* _Aim of the task_
Omit the images, then repeat the listing exactly.

───── Information supplied ─────

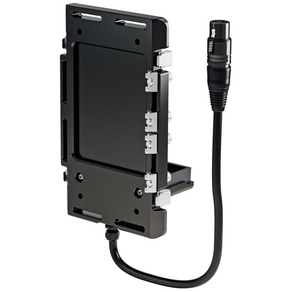 Se fixant directement sur l’appareil, placez votre batterie sur la plaque, fixez le couvercle et alimentez via un câble XLR moulé.
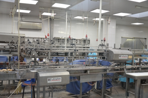 Охлажденная(!), потрошеная рыба выгружается из пенопластовой тары на конвейер. Тушка насаживается на крюк и поступает на филетировочную машину Baader. Позволю себе сделать ещё одно отступление, практически все автоматизированные процессы выполняются на оборудовании ведущих мировых поставщиков: Baader, Marel, Carnitech, Cabinplant, Convenience Food Systems и т.д., что знающему человеку говорит о технологической оснащенности и больших инвестициях в производство.
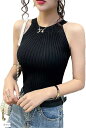 ベイブスター レディース ノースリーブ リブ サマー ニット ホルターネック アメリカンスリーブ B470ーBK(ブラック, Free Size SlimShort)

─────

* _Response area_
 Se fixant directement sur l’appareil, placez votre batterie sur la plaque, fixez le couvercle et alimentez via un câble XLR moulé.
 Охлажденная(!), потрошеная рыба выгружается из пенопластовой тары на конвейер. Тушка насаживается на крюк и поступает на филетировочную машину Baader. Позволю себе сделать ещё одно отступление, практически все автоматизированные процессы выполняются на оборудовании ведущих мировых поставщиков: Baader, Marel, Carnitech, Cabinplant, Convenience Food Systems и т.д., что знающему человеку говорит о технологической оснащенности и больших инвестициях в производство.
 ベイブスター レディース ノースリーブ リブ サマー ニット ホルターネック アメリカンスリーブ B470ーBK(ブラック, Free Size SlimShort)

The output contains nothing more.